The second is taken from a few hundred yards further on, where the village of Sachseln [inscribed [‘Sax Sinl’] comes clearly into view. We can make out the tower of the church to the left. Murray’s Handbook for Travellers in Switzerland would have informed Turner that the church is a place of some celebrity, being the final resting place of St Niklaus von Flüe (1417 – 1487) a farmer from nearby Flüeli who through visions became a hermit monk in the nearby Melchertal. He managed, it is said, to live without food for nearly 20 years, but attained fame through stern and sage advocacy for peace between belligerent comrades in the fragile Swiss confederacy.

The page also contains (upside down in relation to the main sketch) three detail studies of church towers. These were presumably snatched from the moving char, and are so rough as to defy positive identification, and some, if not all, may be out of sequence. That at the top left could be St Thodulkirche at Sachseln, as might that at the bottom edge, but the tower in between is most likely that of the old church at Lungern.

The next page (19v) contains a rough sketch of a church with mountains behind.


This seems likely to have been intended to record St Thodulkirche as the char passed through the bottom of the square at Sachseln, but if so, it was taken without stopping, giving time only to take a fleeting glimpse of the scene and then scribble it down as best he could from memory. This is an issue that is perhaps worth a longer pause for thought than we can give it here. An artist cannot [except with some optical gadgetry] look at the subject and the paper at the same time, so is always drawing from memory.

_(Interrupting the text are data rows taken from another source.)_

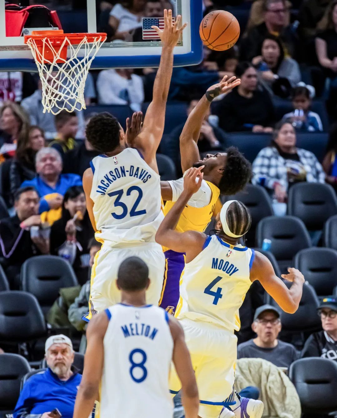 二年级球员特雷斯·杰克逊-戴维斯在大胜湖人的比赛表现抢眼,他9投6中,得到12分1篮板5助攻4盖帽。勇士主帅科尔很可能在新赛季用他出任首发中锋,到时候球队使用高个阵容——库里、维金斯、库明加、追梦和戴维斯。
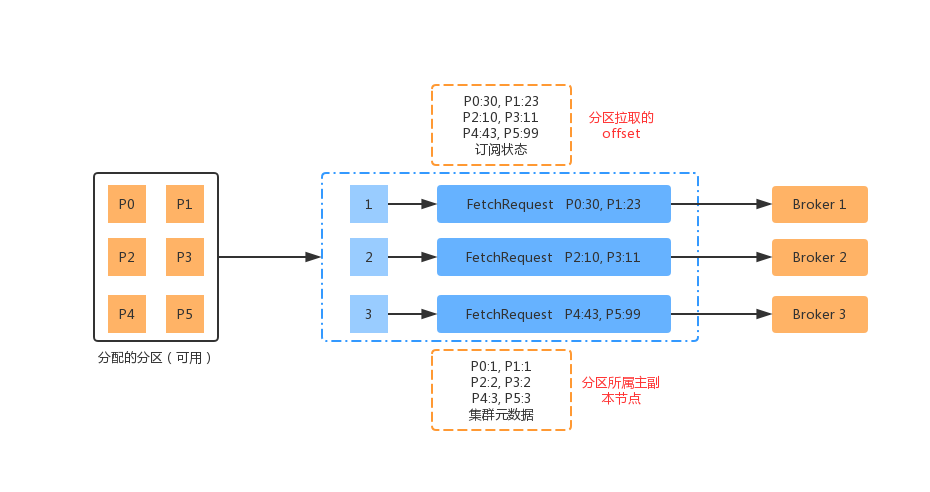 消费者 Fetcher 组件发送拉取请求的时候,也是和生产这类似,按照 Broker 的维度去发送请求。对于订阅的分区所属的节点信息,是存储在metadata 元数据信息里面的;对于消费者分区的消费位移 offset 是存储在订阅状态(SubscriptionState)中的。具体可用下面的流程图展示:
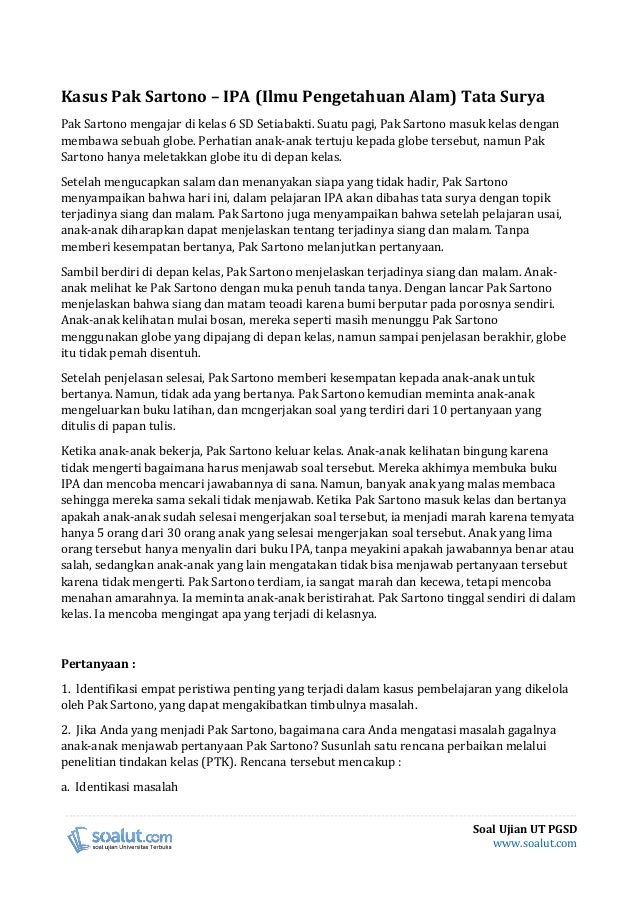 Soal Ujian UT (Universitas Terbuka) PGSD Semester 10. Download game wonder zoo versi android yang offline. Biochemical engineering journal. IDIK4012 Manajemen Berbasis Sekolah PDGK4500 Tugas Akhir Program PDGK4405 Materi dan Pembelajaran IPS SD.

Turner recognised that this can be both a strength and a weakness. It is a poor way to record specific formal detail, such as of architecture or the profiles of mountains, but perfectly suited to effects of colour and light, or sensations, or the more general feeling of a space. At this stage of his career Turner was much more concerned with the latter. The rest could always be checked from more prosaic sources. The camera has rather made us forget that formal particulars are not the only are source of visual significance. Indeed the camera can impute significance to almost any particularity at which it might be pointed.

As the char progressed on from Sachseln, the view behind opened up across the foot of the lake towards Mont Pilatus and the Stanserhorn.

The brief halt at Sachseln station was the closest I came to this view, but H.reudi von buren has posted a much more sublime photograph on Google Earth.

Turner had slightly more leisure to observe his subject, but still an unsteady surface on which to draw. Nonetheless his profiles make the mountains recognisable. In truth, however, the view in itself is relatively plain, and is generally only enlivened by effect. On a clear summer evening the Stanserhorn would be bathed in evening light, and the sun glinting on the peak of Pilatus. Even with only the pressure of his pencil at his disposal, and the lurching page of his sketchbook, Turner manages to leave himself a reminder of the moment, with the firmer touch of the pencil around the peak.